DATA SHOWN:
········

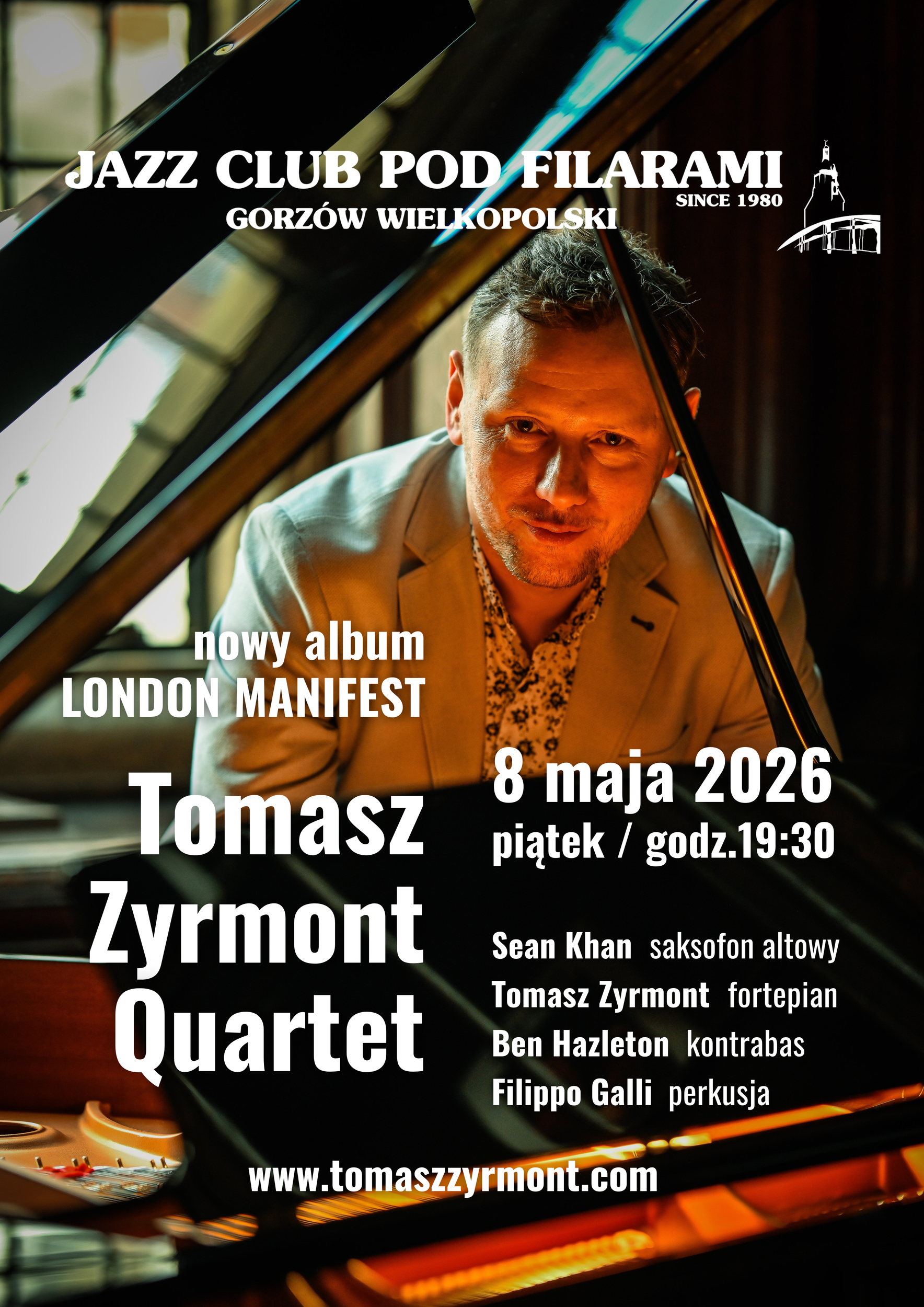 Już w piątek, 8 maja 2026, na scenie Jazz Clubu Pod Filarami zagra ponownie Tomasz Zyrmont Quartet – tym razem z najnowszym albumem London Manifest, który ukazał się na rynku muzycznym w styczniu tego roku.
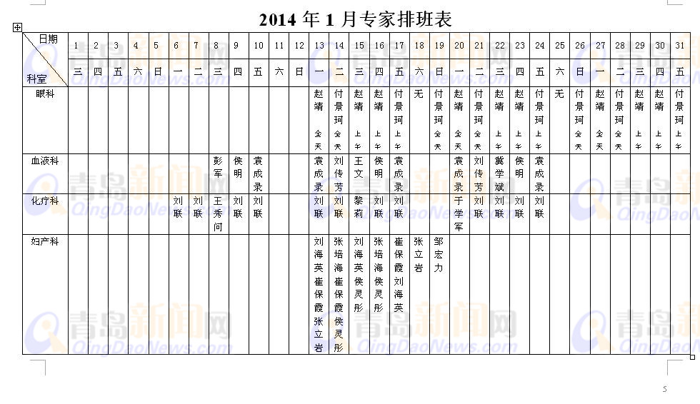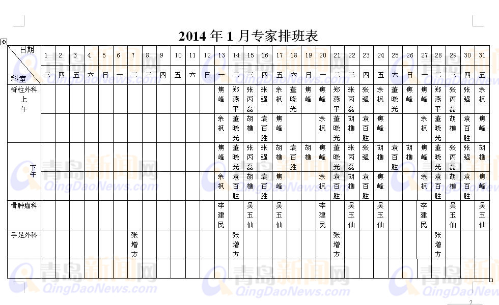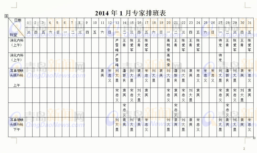 青岛新闻网1月13日讯 13日,记者从山大齐鲁医院青岛院区了解到,备受市民关注的专家坐诊表正式出炉,包括33个科室的百余位专家。专家排班表中绝大多数专家来自为济南中心院区,还有部分常驻专家。1月14日,心内科专家、中国工程院院士张运将全天坐诊,据了解,张运院士每隔两周的周一和周二都会来到青岛院区,为市民提供最优质的医疗服务。此外,青岛院区中医科已正式开诊,由济南专家赵玉霞教授担任学科带头人。
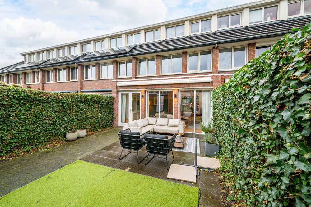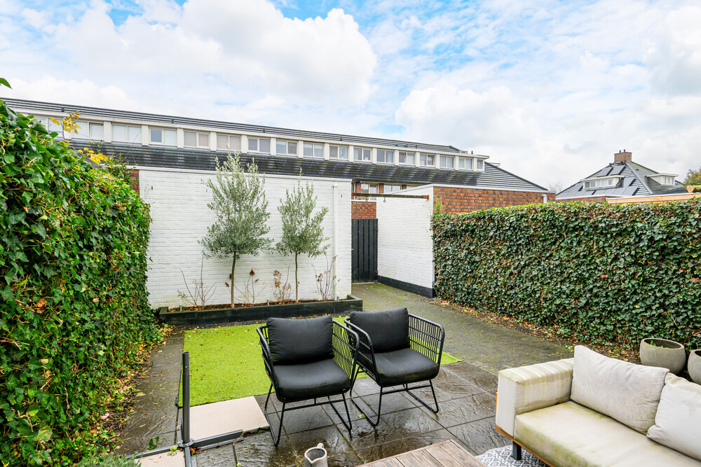 De sfeervolle, onderhoudsvriendelijke tuin is op het zuiden gelegen. Tegen de woning is een terras in betontegels gesitueerd, de overige bestrating is in klinkers uitgevoerd. In de borders is variërende beplanting aanwezig.Daarnaast; een gazon (in kunstgras uitgevoerd).
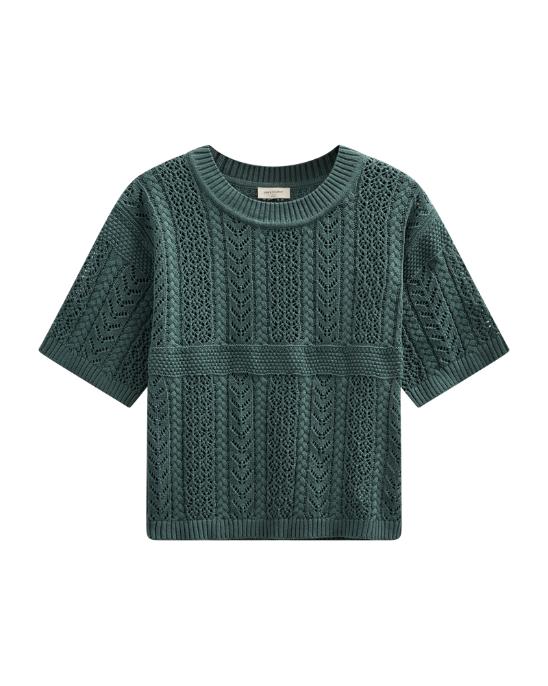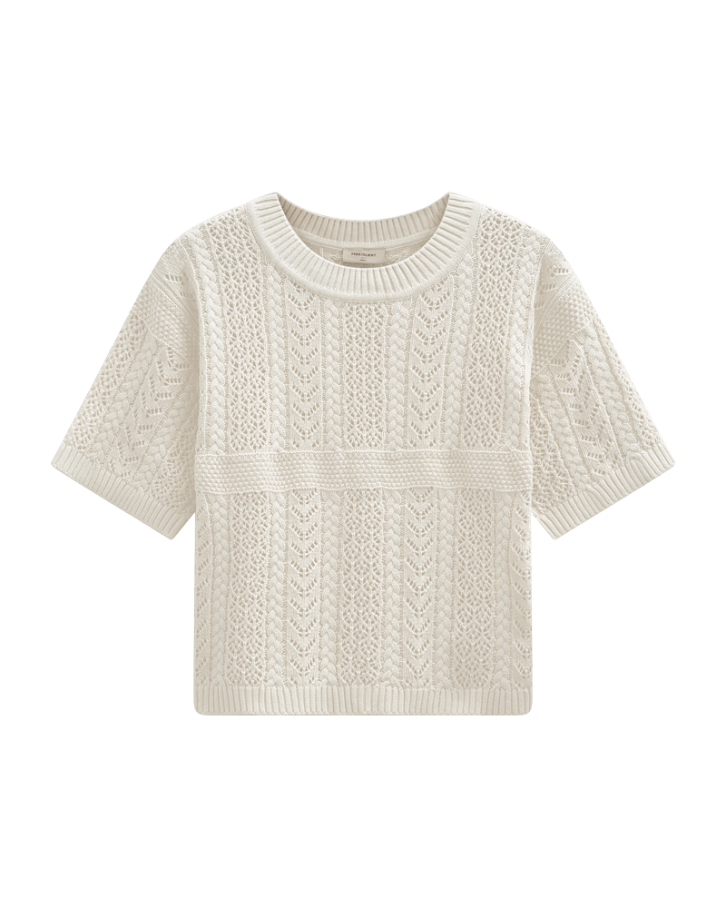 Zacht gebreide trui van Freequent in verschillende patronen met korte mouwen, ronde hals en ribgebreide boorden. Materiaal: Biologisch katoen 100%

········

PROBLEM STATEMENT:
For this exercise, transcribe the data above line by line, exactly, with pictures omitted.

ANSWER TO THIS EXERCISE:
 Już w piątek, 8 maja 2026, na scenie Jazz Clubu Pod Filarami zagra ponownie Tomasz Zyrmont Quartet – tym razem z najnowszym albumem London Manifest, który ukazał się na rynku muzycznym w styczniu tego roku.
 青岛新闻网1月13日讯 13日,记者从山大齐鲁医院青岛院区了解到,备受市民关注的专家坐诊表正式出炉,包括33个科室的百余位专家。专家排班表中绝大多数专家来自为济南中心院区,还有部分常驻专家。1月14日,心内科专家、中国工程院院士张运将全天坐诊,据了解,张运院士每隔两周的周一和周二都会来到青岛院区,为市民提供最优质的医疗服务。此外,青岛院区中医科已正式开诊,由济南专家赵玉霞教授担任学科带头人。
 De sfeervolle, onderhoudsvriendelijke tuin is op het zuiden gelegen. Tegen de woning is een terras in betontegels gesitueerd, de overige bestrating is in klinkers uitgevoerd. In de borders is variërende beplanting aanwezig.Daarnaast; een gazon (in kunstgras uitgevoerd).
 Zacht gebreide trui van Freequent in verschillende patronen met korte mouwen, ronde hals en ribgebreide boorden. Materiaal: Biologisch katoen 100%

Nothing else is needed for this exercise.